A novel methodology to formally verify high level performance control requirements was presented in Chapter 4. A timed-automata framework was proposed to address the verification problem. The presented approach from Chapter 4 is designed to address the verification problem only. The controller structure is known and if modifications to the controller are needed in order to drive the system into meeting requirements, they must be performed outside the model checking environment. In order to provide a full formal solution to the gain scheduling design problem, the controller tuning problem must also be addressed in a formal manner.

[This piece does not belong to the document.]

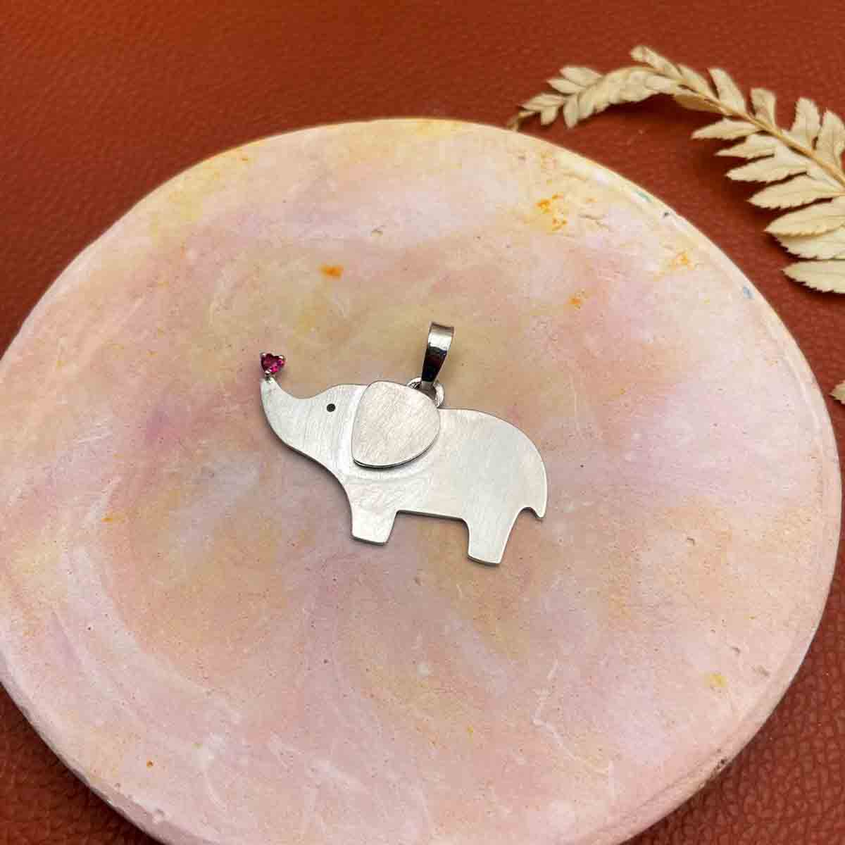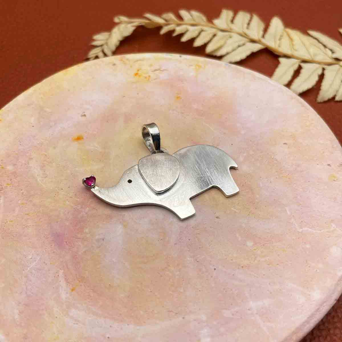 This cute baby elephant pendant with pink stone set on its trunk, is set in 92.5 silver.

By exploiting the model checking capabilities to perform exhaustive search within a defined operating space, the controller tuning problem can be formulated as a reachabil- ity/safety problem in a similar fashion to the performance requirements verification in Chapter 4. By augmenting the proposed timed-automata (Section 4.3) the PID-type controller gains can be tuned in order to drive the system to meet control performance requirements. In this way, performance requirements become a direct input for the model checker in a correct-by- construction fashion to find a possible solution to the problem. By addressing the tuning problem from a model checking perspective, a push-button approach is taken to perform the design and verification of the controller, providing a systematic way to tune the controller with minimum intervention from the user.

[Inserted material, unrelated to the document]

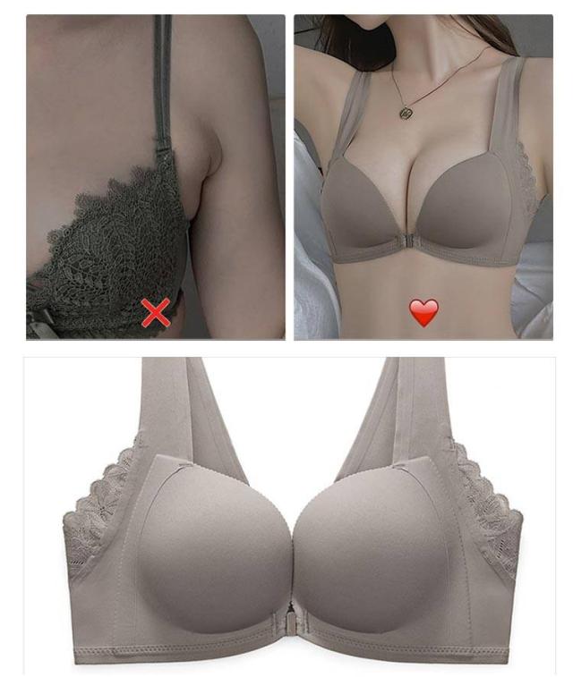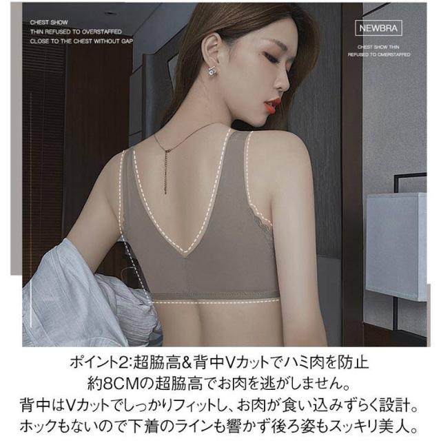 | フロントホックで 寄せる 盛れる 超脇高でハミ肉もしっかり補正 谷間メイクブラジャー こんなお悩みありませんか? 谷間がない… 離れた胸が気になる… バストの位置が下がってきた… ブラに背中のお肉が乗る 背中のホックが止めずらい… そのお悩みまとめて解決! つけるだけで谷間メイク 見た目サイズ2カップアップ ポイント1:厚さ約2cmの立体ボリュームアップカップ サイドに厚みのある立体カップでバストをグイッと寄せてふっくらバストに。 フロントホックで両脇からお肉を引き寄せてノンワイヤーでもしっかり盛れます。 ポイント2:超脇高&背中Vカットでハミ肉を防止 約8cmの超脇高でお肉を逃がしません。 背中はVカットでしっかりフィットし、お肉が食い込みずらく設計。 ホックもないので下着のラインも響かず後ろ姿もスッキリ美人。 ポイント:カップ表面はシームレス仕様 カップ表面は装飾なしのシームレス仕様。 フリルやレースが付いているブラは下着のラインがボコボコ…なんてことも。 シンプルデザインで薄手の洋服でもラインが響かずおしゃれを楽しめます。 ポイント:ノンワイヤーでストレスフリー しっかり盛れるのにノンワイヤ−で締め付け・食い込みゼロ 伸縮性のある素材なので動いてもしっかりフィット。 軽い付け心地なのでナイトブラにもオススメ◎ | |

The process by which controller parameters are selected in order to meet certain require- ments criteria (e.g. stability, performance) is called controller tuning. For a single variable feedback control loop there are many methods for control design and tuning. Among the most popular methods are [121, 167]:
1. Root locus pole placement.
2. Lead-lag compensation.
3. Ziegler-Nichols.
The first two methods are frequency domain approaches where the controller structure is constructed by shaping the closed-loop poles of the system. They rely on a model of the plant to be controlled. The Ziegler-Nichols method can be used with either a model of the plant or with an experimentally derived time-response of the system. This method is aimed at PID-type controllers (known structure). The Ziegler-Nichols rules provide a good guess for the controller parameters to make the closed loop system stable but in no way takes into account performance requirements [121, 167]. The usual approach is to generate a first set of controller gains and then a series of fine tunings are performed to the gains until requirements are met rather than generating the final set of gains in one attempt [121, 167]. In this chapter, a novel formal controller tuning methodology is proposed. From an initial controller tuning (e.g. such as one provided by the Ziegler-Nichols method) the fine-tuning procedure is addressed from a model checking point of view as a reachability and safety problem synthesising a controller which meets performance requirements.
This chapter is structured as follows: Section 5.2 presents the tuning problem formulation. Section 5.3 presents the updated timed-automata and the controller synthesis methodology. Finally, Section 5.4 presents a case study to demonstrate the applicability of the approach to formally synthesize a PID-type controller.